(Collected data entries)
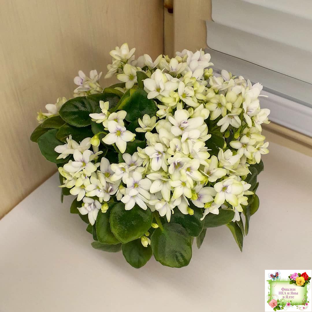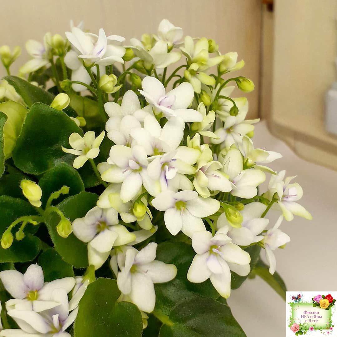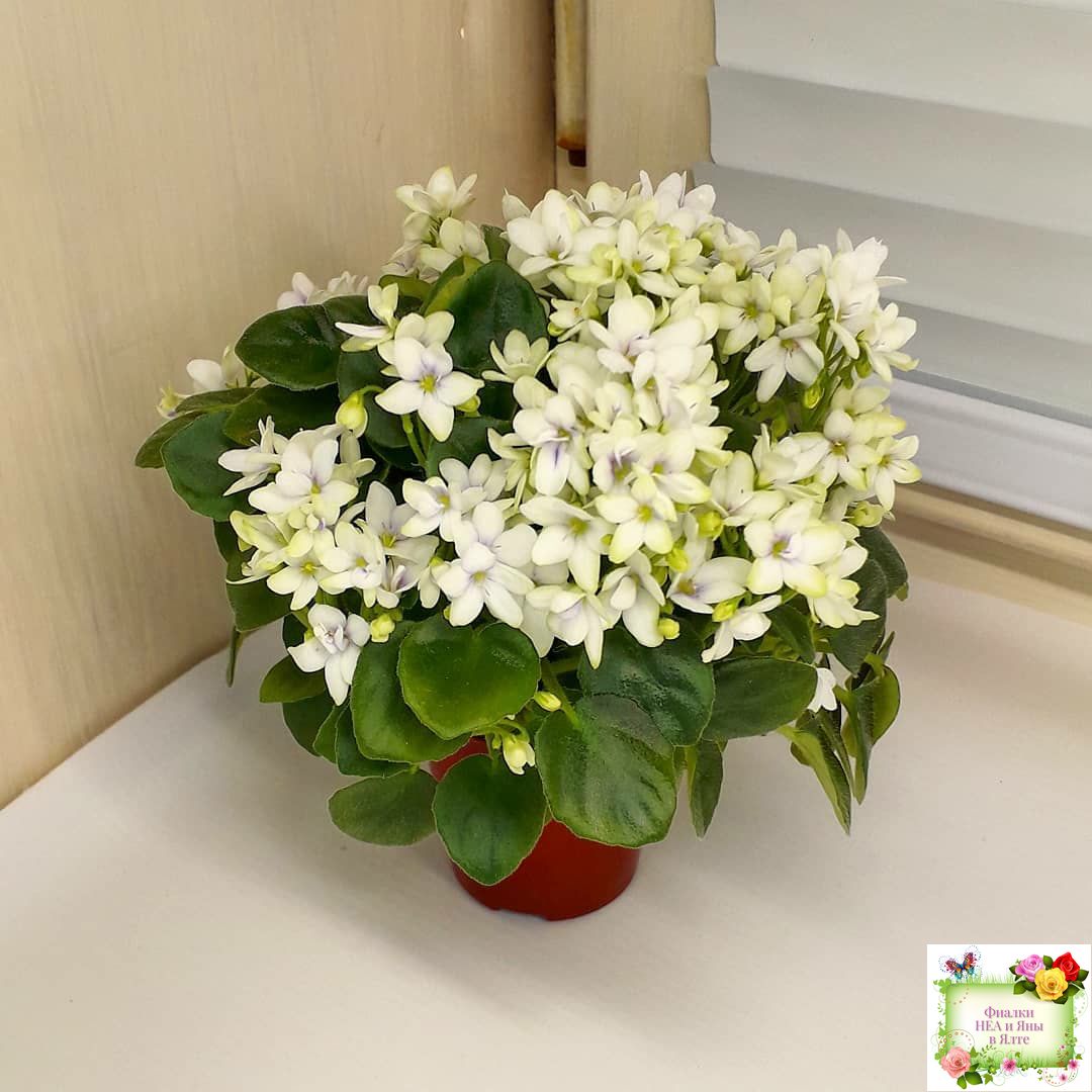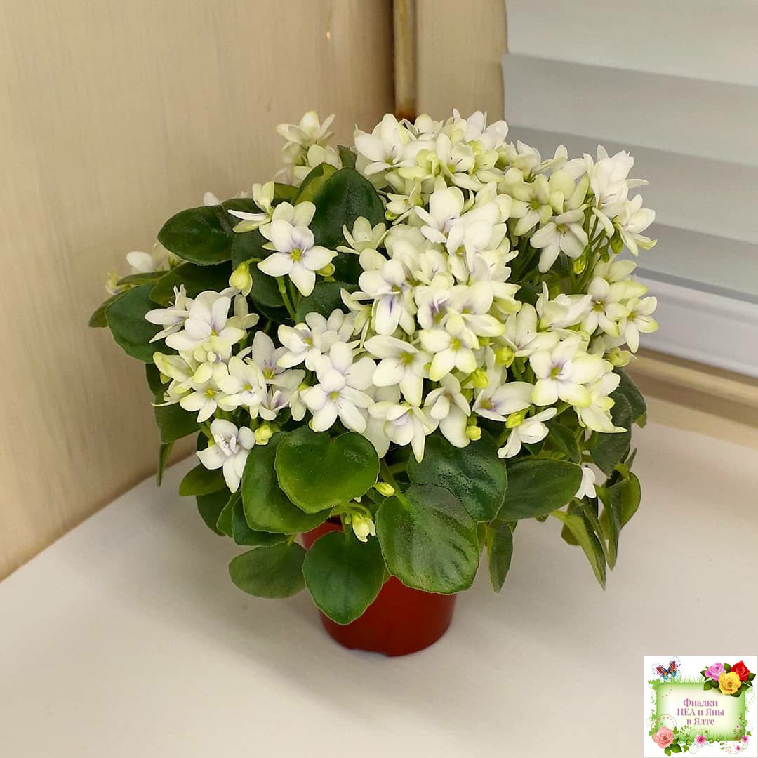 White semidouble blooms with lavender eyes. Semiminiature, medium green, pointed foliage.
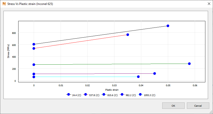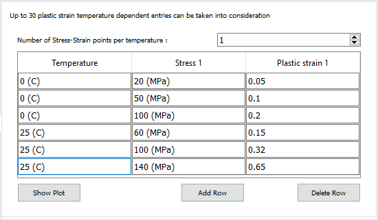 - Plasticity - Up to 10 pairs of stress-strain points can be used to describe the plasticity curve of the material at each temperature. Perfect plasticity is assumed after the final plasticity point at each temperature. Every temperature must use the same number of points. To enter the plasticity curve, specify the temperature, stress, and strain. Points with the same temperature will describe the yielding behavior at that temperature. For example using 3 points to describe the yielding behavior of a metal would look like this:
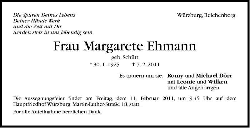 Hier finden Sie alle Traueranzeigen aus der Zeitung, die bisher für Margarete Ehmann erschienen sind. Weitere Traueranzeigen, die in der Zeitung erscheinen, werden hier ebenfalls aufgelistet
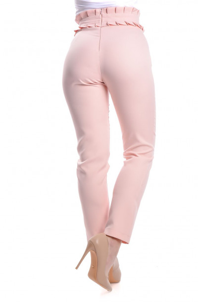 Envy Fashion magas fodros derekú, szűk szárú nadrág púder rózsaszín színben. Hátulján rejtett cipzárral.
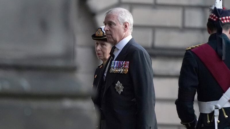Royal family attends vigil for Queen Elizabeth II Princess Anne and Prince Andrew, Duke of York arrive for a Vigil at St Giles Cathedral on September 12, 2022 in Edinburgh, Scotland. The Queen’s four children attend to stand vigil over her coffin where it lies in rest for 24 hours before being transferred by air to London. (Photo by Ian Forsyth/Getty Images) (Ian Forsyth/Getty Images)
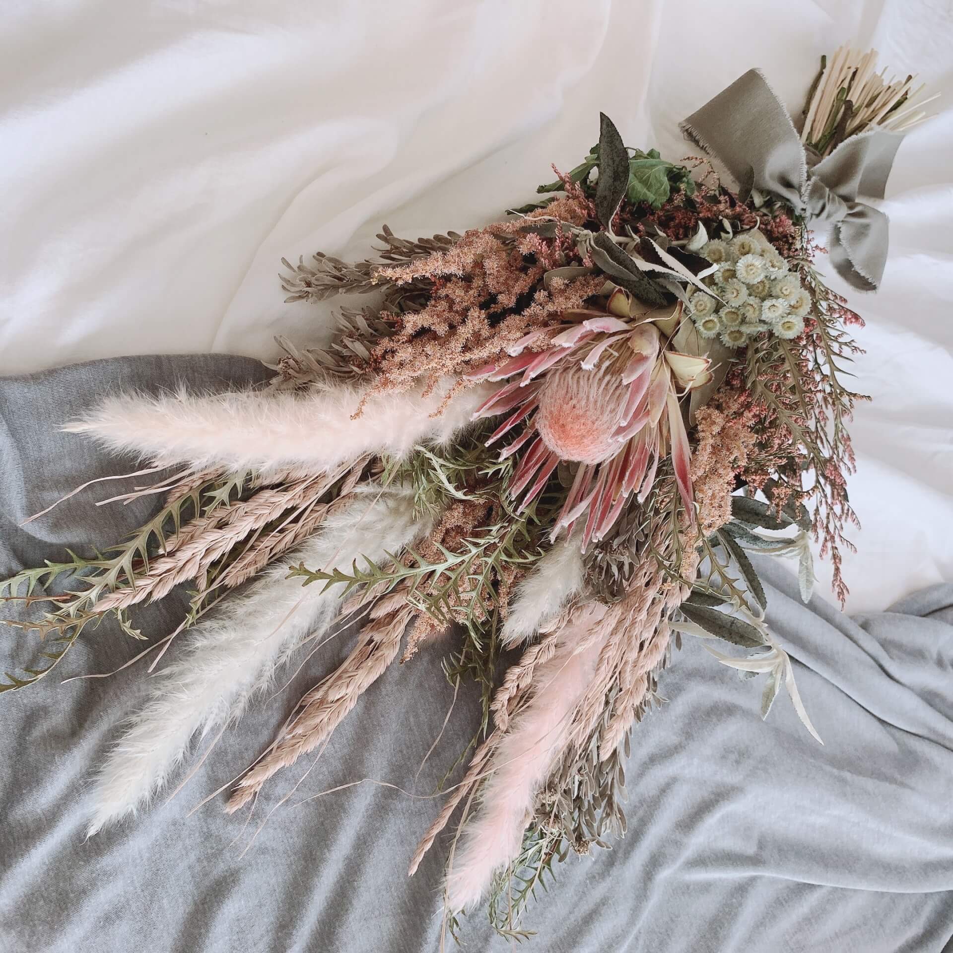 ナチュラルな雰囲気が好きな方にはドライフラワーの花束がぴったりです。時間とともに色が変化し、味わい深くなっていくのが魅力です。

- TASK DETAILS -
Reproduce the lines above, exactly and exclusively, from the line containing "Envy Fashion magas" down to the last line, both included; pictures are not part of the copy.

- RESPONSE FOR THIS EXERCISE -
 Envy Fashion magas fodros derekú, szűk szárú nadrág púder rózsaszín színben. Hátulján rejtett cipzárral.
Royal family attends vigil for Queen Elizabeth II Princess Anne and Prince Andrew, Duke of York arrive for a Vigil at St Giles Cathedral on September 12, 2022 in Edinburgh, Scotland. The Queen’s four children attend to stand vigil over her coffin where it lies in rest for 24 hours before being transferred by air to London. (Photo by Ian Forsyth/Getty Images) (Ian Forsyth/Getty Images)
 ナチュラルな雰囲気が好きな方にはドライフラワーの花束がぴったりです。時間とともに色が変化し、味わい深くなっていくのが魅力です。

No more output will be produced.